Turkey and Perfect Gravy
I'm always on the quest for the perfect bird. Consequently, I've roasted turkeys in more ways than you can imagine. But in recent years, I've settled on a method that is easier than brining (which imparts great flavor but takes up so much room) and produces fantastic results. Though it seems like an excessive amount of salt, the meat becomes perfectly seasoned within, and any excess is pushed back to the surface and wiped away before roasting.
- Rinse turkey and remove giblet bag (usually in the neck cavity) and neck (usually in the main cavity). Pat dry. Mix salt with herbs and zest and rub liberally on breast, then flip turkey and rub salt over thighs and back. Save some to sprinkle inside the turkey too.
- Place turkey in a large turkey-sized roasting bag and tie shut. Must be done at least 24 hours in advance, and up to 3 days in advance. Every 12 hours or so massage salt into skin.

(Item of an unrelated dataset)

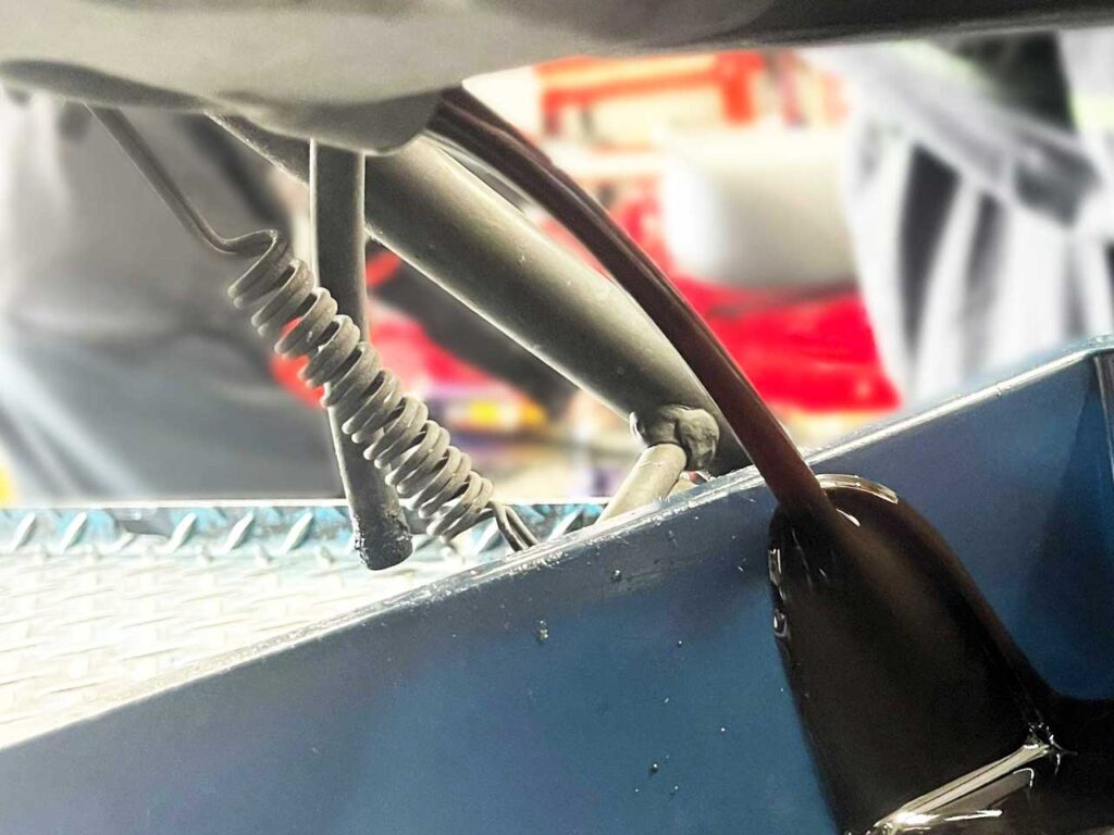 ブレーキホースの接続位置が下向きに変更になるため、配線との取り回しを考慮します。

- When you remove turkey from bag, the salt and seasonings should be absorbed into the flesh. If you have time, let turkey air dry, uncovered, in your fridge for 8 hours, then let sit at room temp for at least an hour before roasting. Tuck the wing tips behind the neck cavity. Secure the skin from the neck flap to the back of the turkey with toothpicks.

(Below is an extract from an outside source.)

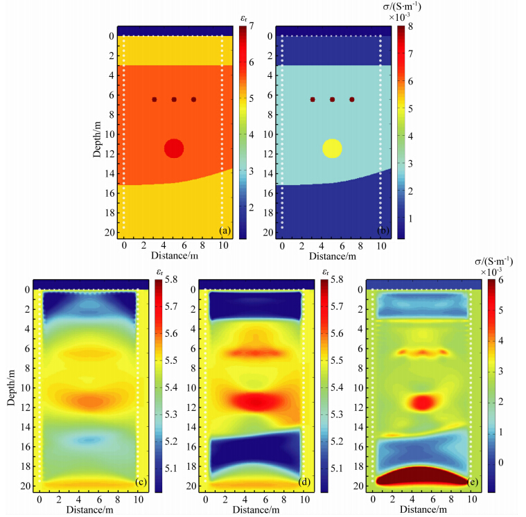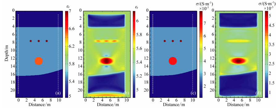 反演结果可以看出电导率对管线和空洞的成像效果要好于介电常数成像.

- Preheat oven to 325 degrees. Pat turkey dry, rub entire surface of the turkey with softened butter, and place breast down on a rack in a large roasting pan and place on the lower oven rack. Baste with drippings often. Turkey should roast for 4-5 hours. After 3 hours, turn turkey breast side up and insert a thermometer in the crease between the breast and thigh, making sure not to touch any bones. Continue to baste with the drippings. When the turkey registers 170 degrees in each thigh crease, remove from oven, remove turkey to a carving board, and cover with foil and allow to rest for up to 30 minutes. Make gravy. Carve and serve immediately.
- While turkey is roasting, make turkey broth. Brown turkey neck in some butter in a large saucepan. Add one chopped onion, one chopped stalk of celery, 1 chopped carrot, 3 peppercorns and 6 cups of low-sodium chicken broth. Cover partially, and simmer for at least one hour. Strain and set aside.

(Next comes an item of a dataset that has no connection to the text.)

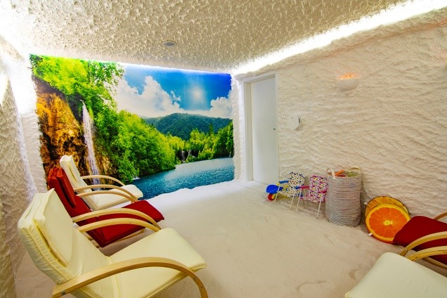 Стените, таванът и подът на солната стая са покрити изцяло със суха сол (около 1000-1500 кг), която в дълбочина достига до 15 см. За разработването на стаята се прилагат определена влажност, температура и аерозолна концентрация. В стаята има шезлонги, на които гостите се разполагат в легнало или седнало положение, за максимално удобство. Сеансите траят около 20-40 минути, като за пълен комфорт, спокойствие и отпускане допринасят приглушената светлина и успокояващата музика. За децата има специално оборудване, като освен това те могат да си играят, правейки си замъци от сол, също като на плажа. През цялото това време аерозолът, който се вдишва, прави това, за което е предназначен – лекува всички болежки на дихателната система, нервите и кожата.

Avoid kosher turkeys when dry brining, because they are already salted during processing. It's best to bake the stuffing alongside the bird, so that it doesn't become overly salty.
Hands-On Time: 5 minutes
Ready In: 15 minutes
Yield: about 3 cups of gravy
1/2 cup dry white wine (or turkey stock)
Drippings from turkey
1/4 cup flour, whisked into 1 cup of turkey stock until smooth
2 cups turkey stock
Salt and pepper
- Pour off all the turkey drippings into a fat separator if you have one, or a large glass measuring cup if you don't. Place roasting pan over two burners on the stove. There should still be some brown bits clinging to the pan.
- Turn heat to medium, then pour in wine, scraping up all those brown bits. Pour off all but a few tablespoons of fat from the drippings and return drippings to the pan.
- Add flour/stock mixture and stir constantly until gravy thickens, about 5 minutes. Add more turkey stock to thin gravy as necessary, turn burners to low, and continue to stir occasionally until you are ready to pour into a serving vessel.
- Taste for seasonings. You probably won't need to add salt, but a good pinch of pepper will be necessary.
Find more recipes from Alison Needham on Family.com, or visit her blog at www.agirlamarketameal.com.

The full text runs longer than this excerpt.